For many, Threading Building Blocks and Parallel Studio XE tools have been a lifesaver for concurrency and multicore development. In September, Intel updated its multicore tools with new capabilities.
#!
James Reinders, director of marketing and chief evangelist for Intel Software, said that, traditionally, Parallel Studio tools have focused on Fortran and C++, but this year one new language has made it into the tool chain.

“Java, to us, is something that shows up in applications. It’s mixed in,” he said. “Users want us to be able to tell them a little about that, our tools that do some of the debugging and find memory leak errors, and our performance tools have been extended to use Java. The Java runtimes today have hooks in them for performance tools to get info back. We can tell the computer is running something in the Java runtime. The users want to see which Java application was doing what. We’re able to do that now. We’ve had some Java support in the past, but it was always limited to one JVM.”

Now, Reinders added, Intel’s Parallel Studio 2013 can attach to multiple JVMs running on the same system. That gives developers more flexibility to find problems that may exist across a Java application ecosystem.

But Parallel Studio XE 2013, and the new HPC-focused Intel Cluster Studio 2013, both offer new capabilities for standard C++ and Fortran applications as well. To begin with, both software suites support C++11 and Fortran 2008, though there are still areas where said support is being filled in.

“No one has implemented C++11 and Fortran 2008 completely,” said Reinders. “We’re working very hard to implement features. We’re implementing them in order of customer feedback. We’ve made great strides, and we have most of C++11 and most of Fortran 2008 done, but we aren’t ready to say everything is done.”

Embedding threading
While traditional languages get attention from Intel, some developers have already taken the drastic step of moving to a functional language in order to gain concurrency. The company behind Scala and concurrency framework Akka understands that functional programming is a big mental shift, and it has been working to find ways to ease the transition.

Mark Brewer, president and CEO of Typesafe, said that Scala is a big jump from Java, but that the benefits are worth the move. “If you look at the masses of Java developers, they’re looking for something cool, something new, to write an application that can’t get done today.
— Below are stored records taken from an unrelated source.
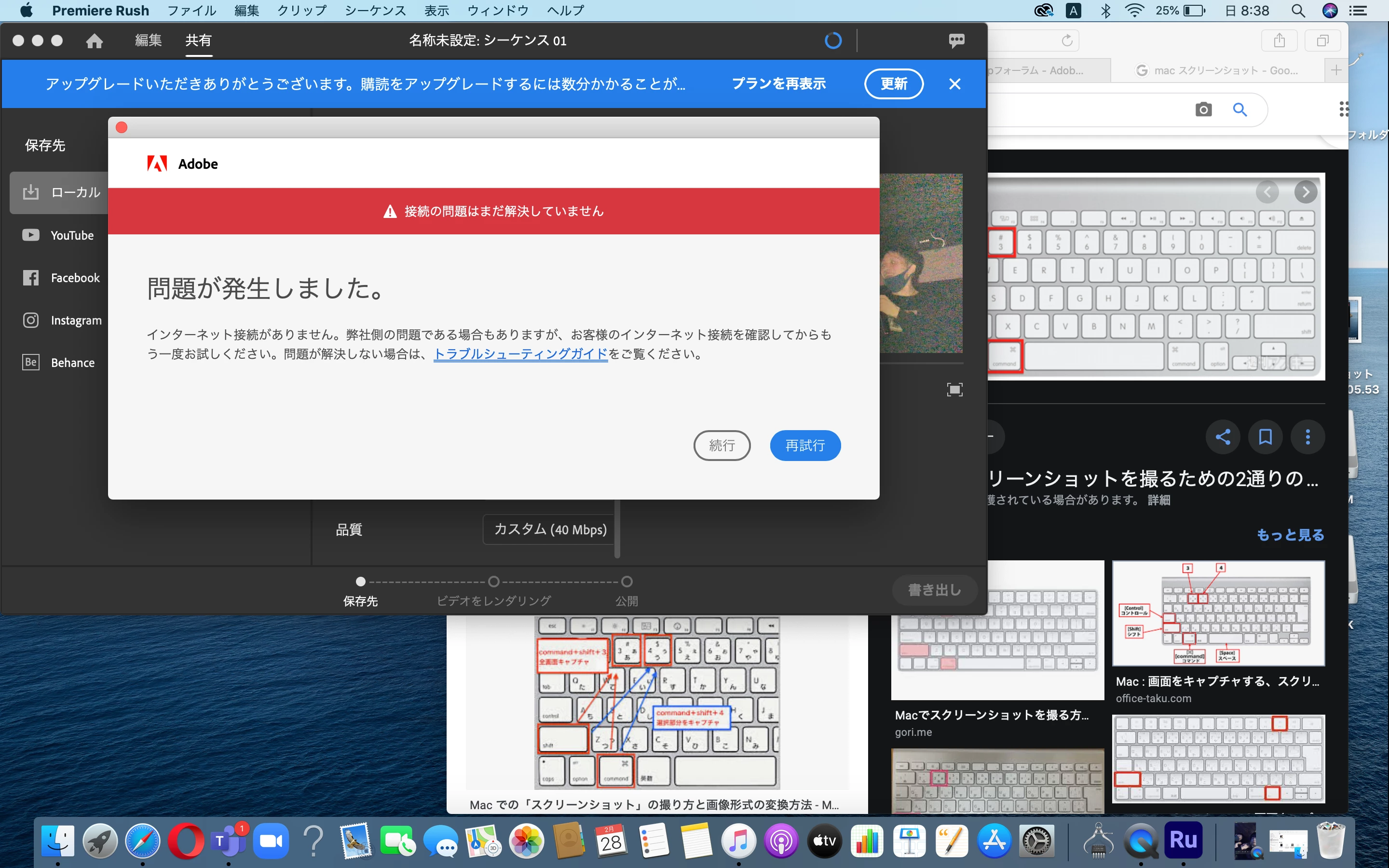 premire rush を年間プランで購入はしており、今まで書き出しは出来ていたのですが、急に添付画像のように書き出しに制限がかかってしまい、アップグレードをして更新というボタンを押すとインターネットにつながっていないと言う画面になってしまいます。wifi環境は今まで書き出しが出来ていたwifiと一緒なのですがなぜか急にこうなってしまいました。どなたか対処法についてわかる人おられますでしょうか。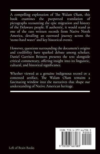 A compelling exploration of The Walam Olum, this book examines the purported translation of pictographs recounting the epic migration and history of the Delaware people. If authentic, it would stand as one of the rare written records from Native North America, detailing an eastward journey across the 'stone-hard water' and key historical events. However, questions surrounding the document's origins and credibility have sparked debate among scholars. Daniel Garrison Brinton presents the text alongside critical commentary, offering insight into its linguistic, cultural, and historical significance. Whether viewed as a genuine indigenous record or a contested artifact, The Walam Olum remains a fascinating window into the narratives that shape our understanding of Native American heritage.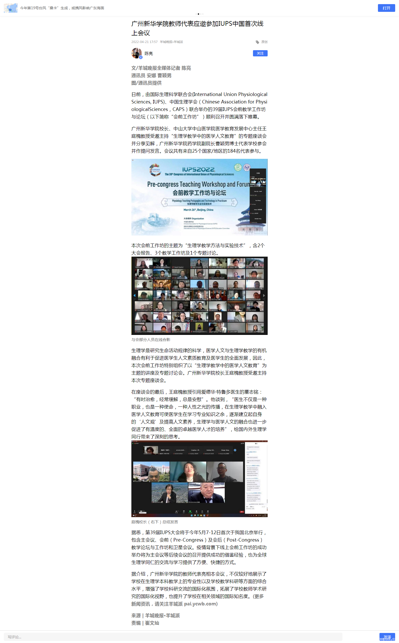 据悉,第39届IUPS大会将于今年5月7-12日首次于我国北京举行,包含主会议、会前(Pre-Congress)及会后(Post-Congress)教学论坛与工作坊和卫星会议。疫情背景下线上会前工作坊的成功举办将为主会议等后续会议的召开提供成功的借鉴经验,也为全球生理学同仁的交流与学习提供了方便、快捷的方式。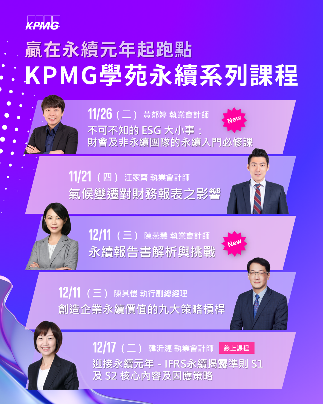 面對極端氣候風險持續進逼,各國政府與全球企業紛紛祭出減碳管理與循環經濟因應。歐洲的碳關稅於2023年即將試行於高耗能產品,至2026年全面生效。蘋果更承諾要在2030年對供應鏈和產品實現100%碳中和。2021年7月中國碳排放權交易市場已正式啟動上交易,成為世界規模最大市場。國內則從2021年開始要求用電大戶使用一定比例的再生能源電力並規劃將於2024年開始課徵碳費,台灣之碳權交易所並已於2023年8月7日成立,希望透過各種機制落實碳排放減量。企業投資ESG必要的成本如何最適化,同時發揮組織轉型以提升競爭力,本課程針對此波掀起的綠色浪潮介紹企業精準減碳的PDCA法則,包括各種減碳實務及運用數位工具蒐集分析資料設定淨零碳排計畫,並分享實績案例說明如何結合精實管理手法使ESG推動成為日常管理實務,讓公司治理主管、財會主管、企業各功能主管與董監事迅速掌握公司經營策略與營運績效之影響!▍KPMG陪伴您一同發展企業永續價值,系列課程完整克服永續難題▍11/21(四)氣候變遷對財務報表之影響 https://bit.ly/40YY8hj11/26(二)不可不知的ESG大小事:財會及非永續團隊的永續入門必修課 https://bit.ly/48Xa1G912/11(三)永續報告書解析與挑戰 https://bit.ly/4fRugHN12/17(二)線上聽🎧IFRS永續揭露準則S1及S2核心內容及因應策略 https://bit.ly/3AP0zbq碳管理與溫室氣體盤查、社會創新大不同...精彩課程陸續規劃中
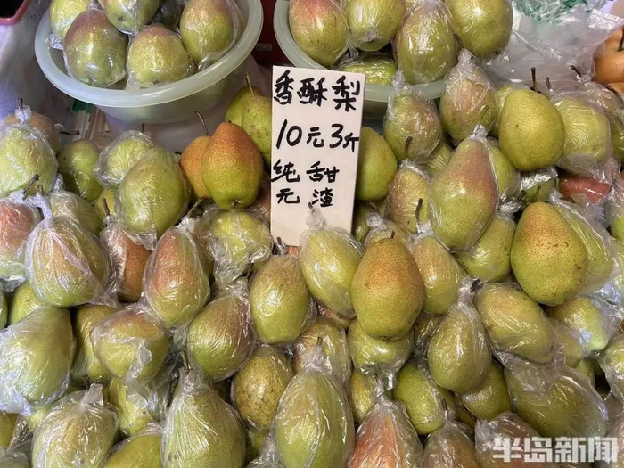 “我们主要就是卖秋月梨和库尔勒香梨,市场供应量很大,秋天嘛,不缺吃的。秋月梨卖得最好,是青岛本地种植的,两种梨子一天能卖个八九百斤。”摊主谢女士介绍,因梨子大量上市,价格也有所下降,秋月梨的人气最高。“最近秋月梨落价了,便宜了八九毛到一块钱左右。根据梨的大小,现在有的秋月梨四块钱一斤,小点的搞特价,五块钱两斤。”

We’ll continue to see people make the adoption of Scala because they need the functional performance capabilities, but that’s not the only way they’ll adopt Scala,” he said.

They could also come to Scala because of Akka, a concurrency framework similar in scope to Erlang’s OTP. While concurrency and parallelism are the end goals for many development teams, the Akka framework also adds fault tolerance to the mix.

“Where we’re seeing it being picked up is in embedded: tablets, cars, phones,” said Brewer of recent uptake of Akka. “One of the case studies we want to get out there is a vendor who’s taken Akka and uses it to run streaming video on your DVR. Akka is sitting there as the service to monitor what you’re watching. If you’re not connected directly to the server, it’ll go to your neighbor’s box and figure out if they have it downloaded already, and your DVR will bring it in from there. It’s also a way to collect local metrics on people who are watching local TV shows.”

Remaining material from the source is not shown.